Этой ночью я совершу непоправимую ошибку – пересплю с тобой. Но пока что я в книжном магазине. На презентации твоей новой книги о сказках. Сегодня в магазин пускают только приглашенных. Твоих коллег с отделения английской литературы пришло два с половиной человека. Вдохновившись моим присутствием, они шепотом перемывают Генри косточки. Я делаю вид, что не слышу. Беру с полок книги и увлеченно перелистываю, хотя слова так прыгают перед глазами, что прочесть их невозможно.

По-прежнему не могу понять, зачем я здесь. И почему выпиваю все бокалы красного и белого вина, которые ты мне подносишь. Вероятно, из-за чувства одиночества и опустошенности оттого, что Генри уехал из Бата. Ему предложили должность профессора в Кембридже – должность, которой он добивался много лет. Сочувствие тоже сыграло свою роль: я получила от тебя целых три приглашения.

Я не могу уйти, пока ты не закончишь выступление. Сажусь в последнем ряду и слушаю, как ты зачитываешь отрывки из главы «Как узнать настоящую суженую». Потом ты замолкаешь, и твои немногочисленные коллеги из вежливости задают несколько вопросов. Я не специалист, и спрашивать мне нечего. Когда жидкие аплодисменты стихают, я начинаю спешно пробираться к выходу, но ты успеваешь меня перехватить и жалобно просишь остаться еще немного. Уединяюсь в отделе живописи со сборником репродукций Мунка. Расположившись на грязно-бежевом ковре, раскрываю «Поцелуй» – одну из ранних версий, где влюбленные еще обнажены.

Неожиданно на страницу падает тень, и повисшую в зале тишину разрывает твой голос. Господи, как ты меня напугал!

– Если бы я тебя не нашел, пришлось бы тебе тут ночевать.
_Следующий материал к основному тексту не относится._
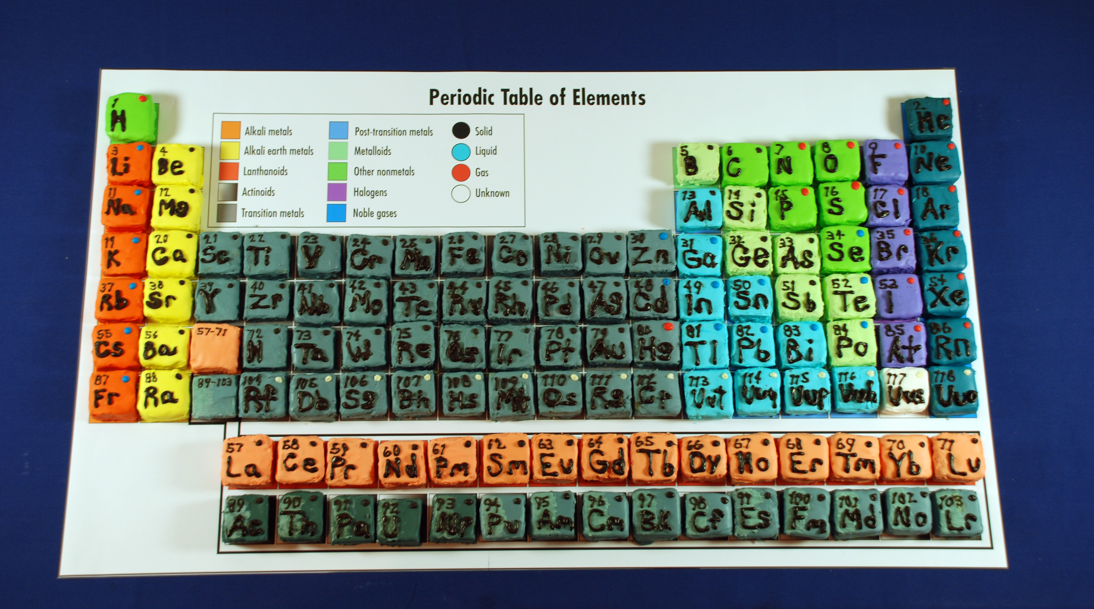 Photograph of Periodic Table Cupcakes, 2 October 2010, at the First Friday first anniversary of the Chemical Heritage Foundation's museum opening, at the Chemical Heritage Foundation, Philadelphia, PA, USA. The cupcakes were created by Jennifer McCafferty of JPM Catering.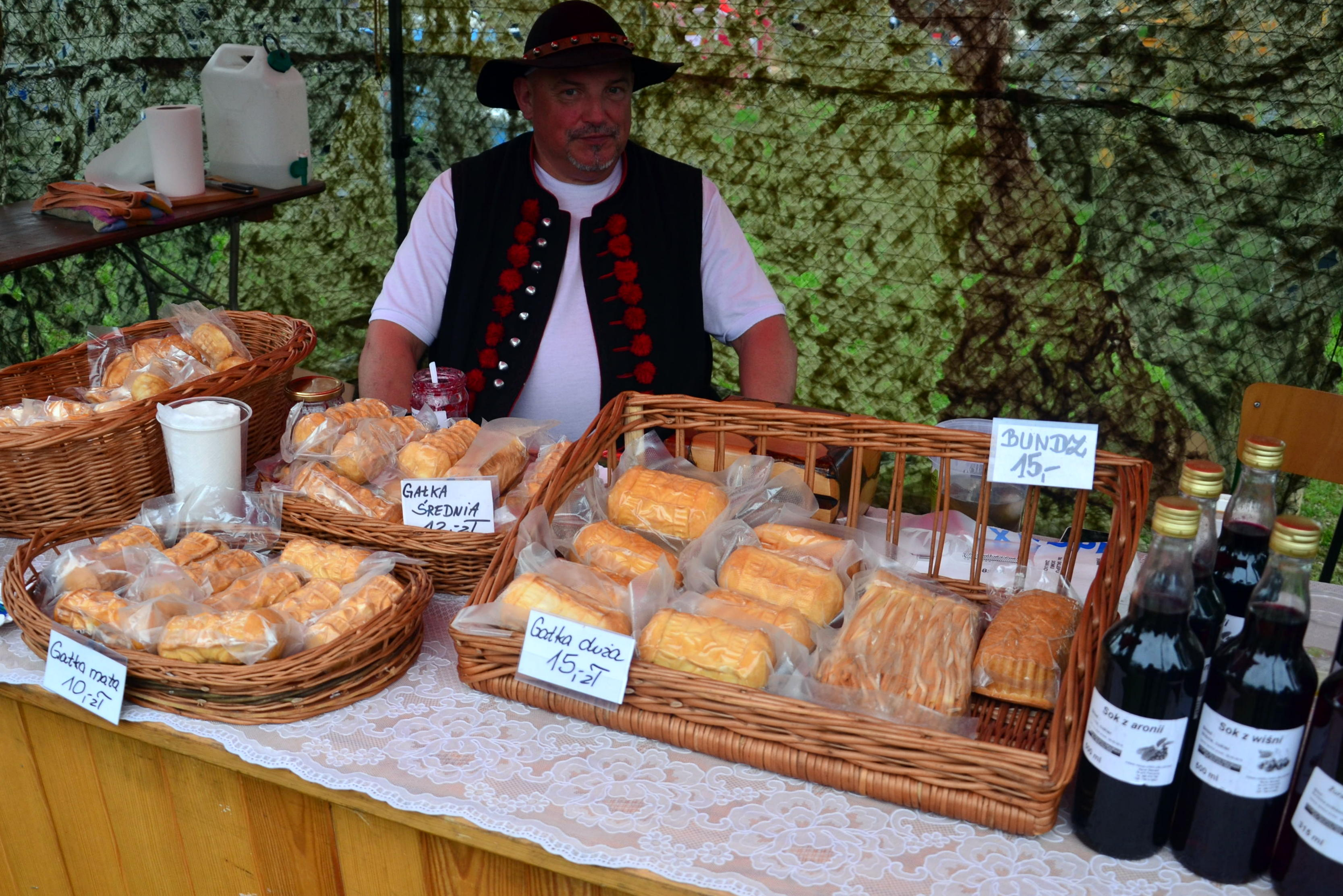 Beskidische Käse

Слова гулко разносятся по пустынному этажу. Ты возвышаешься надо мной, как великан, и с улыбкой меня разглядываешь. Захлопываю Мунка и кладу его рядом с собой.

– Думаю, не так уж и страшно провести ночь с художниками.

Я картинно помахиваю твоей тяжеленной книгой; запястье тут же отзывается болью. Чувствую себя актрисой, злоупотребляющей театральным реквизитом.

– Она великолепна! – продолжаю я. – Очень мило с твоей стороны подарить мне книгу. И ты изумительно читаешь. Тот отрывок мне очень понравился.

– А мне очень нравится эта картина, Кларисса.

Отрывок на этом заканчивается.